Eddie Murphy Says Mr. Church Is Not His Big Comeback Movie
Eddie Murphy used to churn out one, two and sometimes three movies a year, going for the laughs in comedy-action films and as Donkey in the “Shrek” franchise. So it may come as a surprise that it’s been four long years ago since he last appeared in a movie project — the widely panned “A Thousand Words” — and 10 years since his Oscar-nominated turn in “Dreamgirls.”
Murphy has now returned to theaters, turning down the volume as a gentle, enigmatic cook in the indie family drama “Mr. Church” from director Bruce Beresford, best known for “Driving Miss Daisy.” The actor tells Made in Hollywood reporter Kylie Erica Mar that while the movie brings him back to the big screen, this was no calculated career move.
“No, no, it’s not my big comeback movie,” Murphy says. “If I were doing a big comeback movie, it would be like some big giant comedy something. … I’ve never done anything like this, so I can’t be coming back to it.”

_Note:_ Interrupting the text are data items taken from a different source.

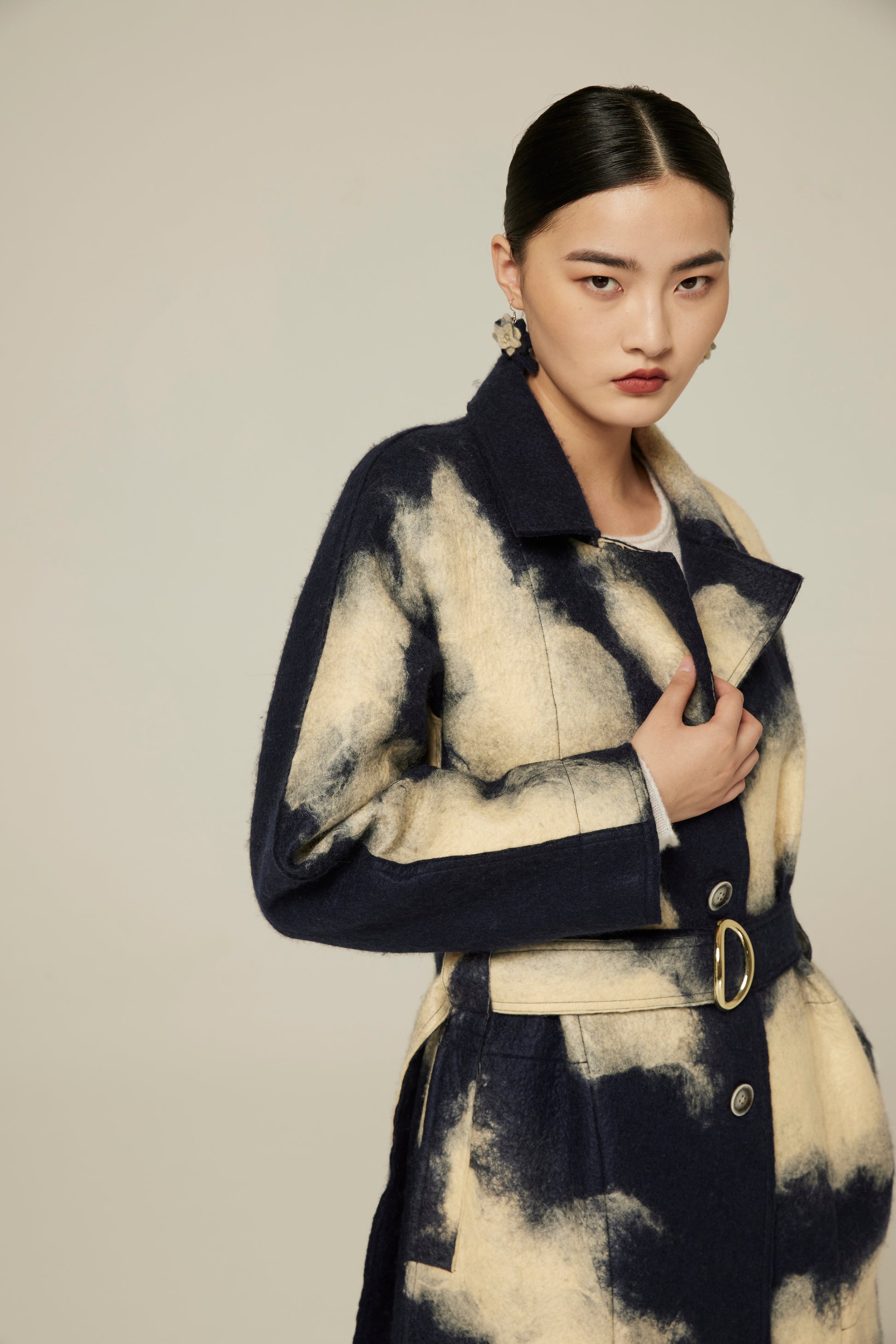 Handcrafted felt long-line coat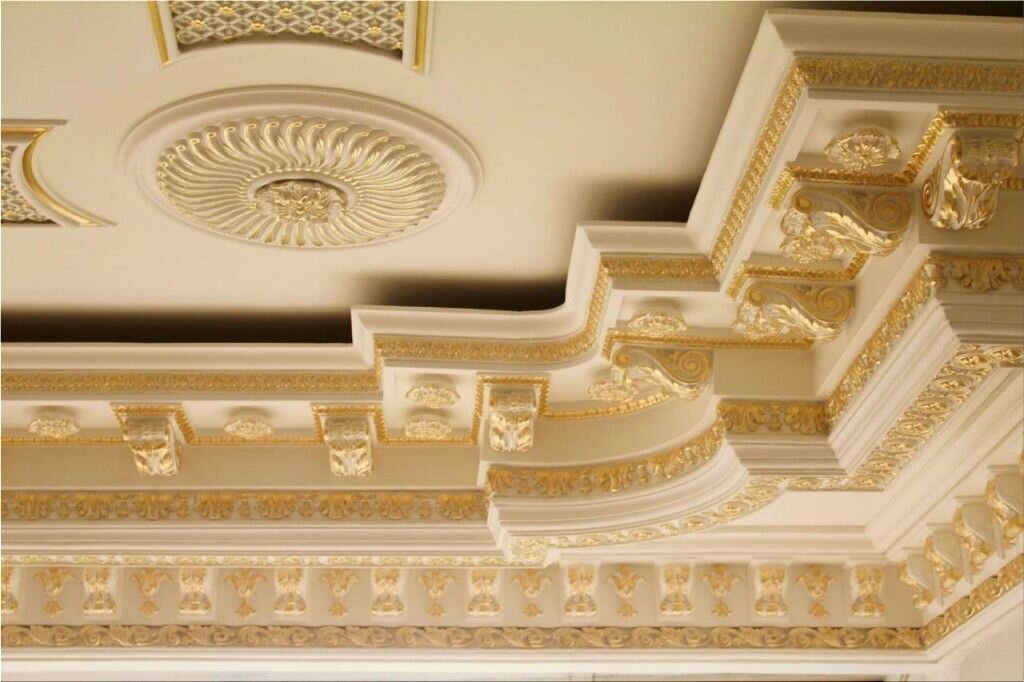 Этот материал также хорош тем, что его внешний вид можно изменить, если нанести краску. Покрасочные мероприятия в этом случае выполняют, используя обыкновенную кисть. Валик здесь обычно неуместен, ведь лепнина имеет сложные очертания. Чтобы прокрасить ее на всех участках, без узкой кисти точно не обойтись.
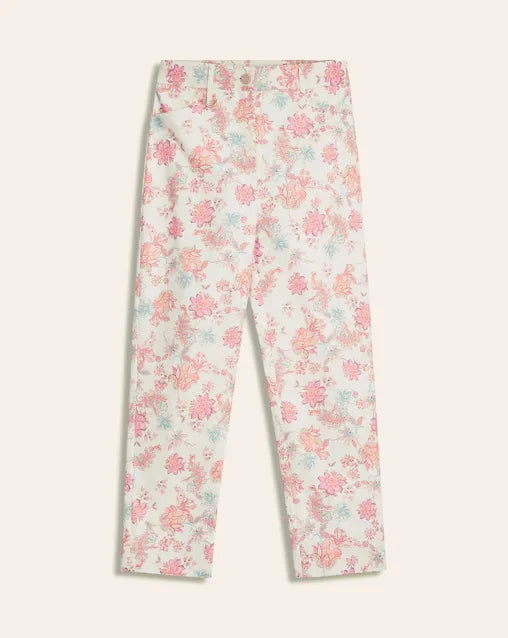 Pantalón Recto Tiro Alto Estampado Floral Con Stretch

Eddie Murphy Says He Rarely Gets Scripts Like Mr. Church
Based on a true story, “Mr. Church” has Murphy playing a man with a mysterious past who helps care for a dying woman and her daughter, creating the family he never had.
“I just had a really strong emotional response to the script when I read it, and that’s why I wound up doing it because I don’t usually get offered stuff like this,” says Murphy. “I very rarely have a strong emotional response to a script when I’m reading it. Usually, it’s either: This is funny. Or, This isn’t funny. Or, We can make this funny. That’s usually the stuff, the mechanics I’m working with.”
The role required the comic actor to dial down his personality to subtle levels seen in flashes as James “Thunder” Early in “Dreamgirls” in 2006. For Murphy, who rose to fame as a fast-talking wise-cracker in “48 Hours” and “Beverly Hills Cop,” the role of Mr. Church required him to embrace silences as a powerful acting tool.
How Eddie Murphy Quieted Down for Mr. Church
“That’s having a really good director who can get those moments out of you, when you do the least amount, and that’s what works,” he says. “Usually when I’m making a movie I’m trying to get the joke and go for the joke. … A director has to steer you into those moments. I don’t have a clue how to get those.”
Despite Beresford’s best efforts, Murphy still fell into old habits. “I’m always trying to come up with a joke,” he says. “On this movie, I’m would be: Hey, you know what would be funny, Bruce … ? He’d go, Yeah, that would be very funny, but we’re doing that. And I was like: What?”
“Mr. Church” hits theaters Sept. 16.